Optimizing Diammonium Phosphate Sizing in Micro-Nutrients Production

Executive Summary

Process Point successfully implemented an advanced data-driven solution for a micro-nutrients production facility struggling with diammonium phosphate (DAP) sizing issues. By developing a predictive model and simulator, we significantly improved product size consistency and operational efficiency.

Client Profile

Business Challenges

Project Goals

  • Develop a model to predict SGN (Size Guide Number)
  • Create a simulator to test actionable changes for size improvement
  • Investigate and understand the root causes of poor size and unexplained oscillations

Process Point's Innovative Solution

Process Point delivers bespoke artificial intelligence and machine learning solutions to revolutionize operations in complex process industries. We specialize in tailored AI applications that drive efficiency, safety, and innovation in Mining, Petrochemicals, and related sectors.

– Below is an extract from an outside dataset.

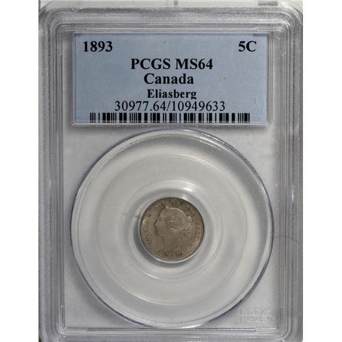Victoria 5 Cents 1893, KM2, MS64 PCGS Eliasberg, a wond
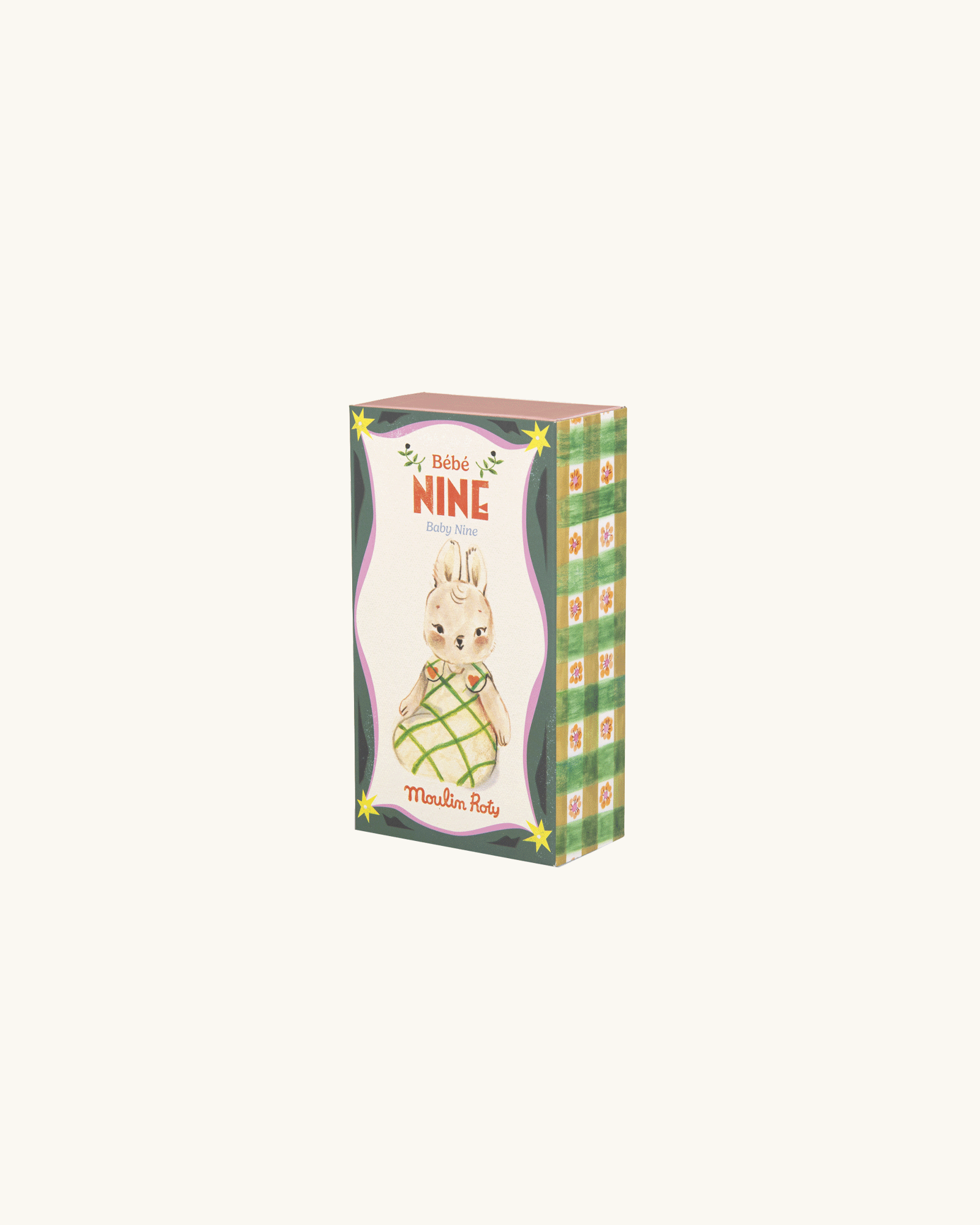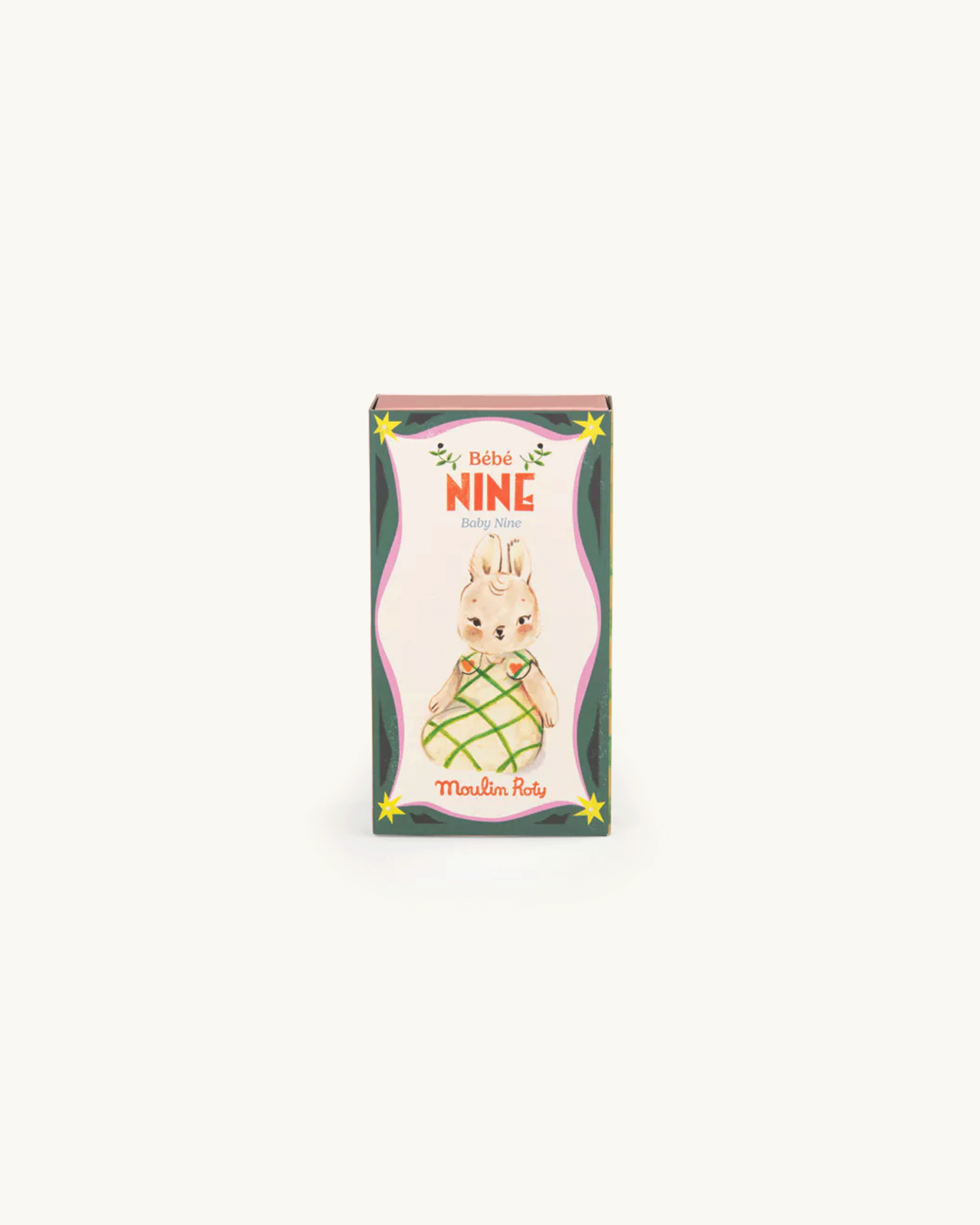 The bunny comes in a box designed like a vintage matchbox, that can be opened and closed. The duck can be tucked in its small sleeping bag at nighttime or when it's time for a nap.

Key Features of Our AI/ML Solutions

Results and Business Impact

  • Improved Predictive Accuracy: Achieved a Root Mean Square Error (RMSE) of 11.69 and Mean Absolute Error (MAE) of 7.44 in size prediction
  • Enhanced Process Understanding: Identified key factors influencing product size and uniformity
  • Operational Efficiency: Provided operators with a tool to estimate the impact of process changes on product size
  • Data-Driven Decision Making: Empowered operators with real-time insights for proactive size management
  • Quality Improvement: Enabled more consistent production of DAP meeting size specifications

Conclusion

By addressing the complex challenge of DAP sizing with a tailored, data-driven approach, Process Point demonstrated its expertise in applying advanced analytics to solve critical production problems. This success story exemplifies our commitment to delivering high-impact solutions that drive product quality improvements and operational excellence for our clients in the specialty chemicals and micro-nutrients industry.